# ZEV - Choice of motor



## DavidDymaxion (Dec 1, 2008)

As a member of the shunt club myself (actually sepex, but same basic idea) I say a cautious thumbs up. It's a road less traveled, so you are more on your own. There are fewer controllers. There are more ways to hurt your motor, so it less plug and play. On the flip side, it is poor man's regen, and was yesteryear's choice for Chrysler and Peugeot.

Do you have a link or pics or more details about your NEV project?


suppandi said:


> Hi, we're planning to use dc shunt motors for our ZEV, would like to know what your views are.


----------



## major (Apr 4, 2008)

suppandi said:


> Hi, we're planning to use dc shunt motors for our ZEV, would like to know what your views are.


Hi sup,

What's a ZEV?

Shunt motors kind of suck for electric vehicle propulsion. Separately excited motors can work well. You need to have the proper motor controller for the SepEx (separately excited) motor. And some people do call the separately excited motor a shunt motor, but it actually is not.

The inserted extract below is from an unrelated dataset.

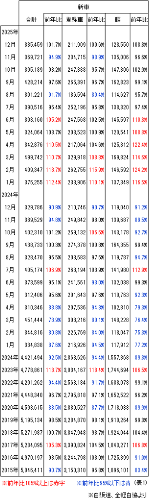 日本自動車販売協会連合会と全国軽自動車協会連合会が発表した12月の新車登録台数は、前年同月比1.7%増の355,459台で6ヶ月ぶりにプラスとなりました。(表1)
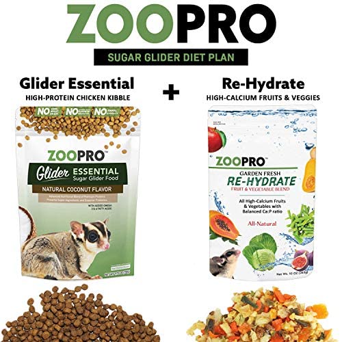 ZooPro's Glider Essential sugar glider food is a highly palatable cooked food with nutrient-rich whole eggs & chicken & the proper vitamin and mineral levels to form a nutritionally balanced food. SIZE: 40 lb. FEATURES: ✔ NUTRITIONALLY BALANCED - Precise formulation designed by a PhD in Animal Nutrition to meet the specific nutritional needs of sugar gliders and guarantee optimal health. ✔ DELICIOUS - Bite-sized kibble is sure to be a hit with even the pickiest suggie, with added natural coconut flavor ✔ MULTIPLE BENEFITS - Crunchy texture benefits both teeth and gums, prevents tooth abscess. Naturally occurring Omega 3 & 6 fatty acids to maintain skin and coat. Added vitamins and minerals. ✔ ZERO FILLERS - No corn, wheat or soy like other sugar glider diets on the market. No animal by-products. 100% natural and made in the USA. Suggested Feeding: Offer free choice along with ZooPro Re-Hydrate (fruits & vegetables). Limit fruits & vegetables to 25% of the diet. Adjust the amount fed to ensure your pet maintains optimum body weight. Always provide multiple sources of bottled water. Guaranteed Analysis: Crude Protein 31.00% (min), Crude Fat 14.00% (min), Crude Fiber 4.00% (max), Moisture 10.00% (max), Calcium (min) 1.55%, Phosphorus (min) 1.06%. Ingredients: Chicken Meal, Brown Rice, Ground Grain Sorghum, Whitefish Meal, Chicken Fat (Preserved), Dried Plain Beet Pulp, Egg Product, Pea Protein, Dried Tomato Pomace, Natural Flavor, Brewers Dried Yeast, Whole Ground Flaxseed, Herring Meal, Menhaden Fish Oil (Preserved), Sunflower Lecithin, Coconut Oil (Preserved), Potassium Chloride, DL-Methionine, Choline Chloride, L-Lysine Taurine, Mixed Tocopherols (Preservative), Vitamin E Supplement, Niacin Supplement, Dried Seaweed Meal [See back of bag for full list of ingredients]

You can find a lot of discussion about SepEx here on this forum. And some about shunt motors also. Use the forum search feature.

Regards, 

major 

ps....welcome to the forum


----------



## suppandi (Oct 16, 2011)

we're total newbies to this field...would like to know how to calculate motor specifications


----------



## major (Apr 4, 2008)

suppandi said:


> we're total newbies to this field...would like to know how to calculate motor specifications


Hi sup,

What is a ZEV?

Please read up in this section: http://www.diyelectriccar.com/forums/showthread.php?t=669&redir_from=668 There are also several decent books available on the subject of EV conversions. You could also check to see if there are any EV clubs nearby.

Regards,

major


----------



## Salty9 (Jul 13, 2009)

There is a Scooter named ZEV. http://www.gizmag.com/zev-zev7000-electric-scooter/14839/

It has an oil cooled hub motor. Wonder if you have to park it on papers like a puppy?


----------



## favguy (May 2, 2008)

ZEV = Zero Emmission Vehicle

At least that's what I assume it means


----------



## DavidDymaxion (Dec 1, 2008)

That's a pretty broad request, perhaps you could narrow it down a bit?

As a starting point, look at the motor specs the manufacturer provides.

Another starting point is to peruse the garage here and http://www.evalbum.com , and see what motors and controllers existing conversions are using.


suppandi said:


> we're total newbies to this field...would like to know how to calculate motor specifications


----------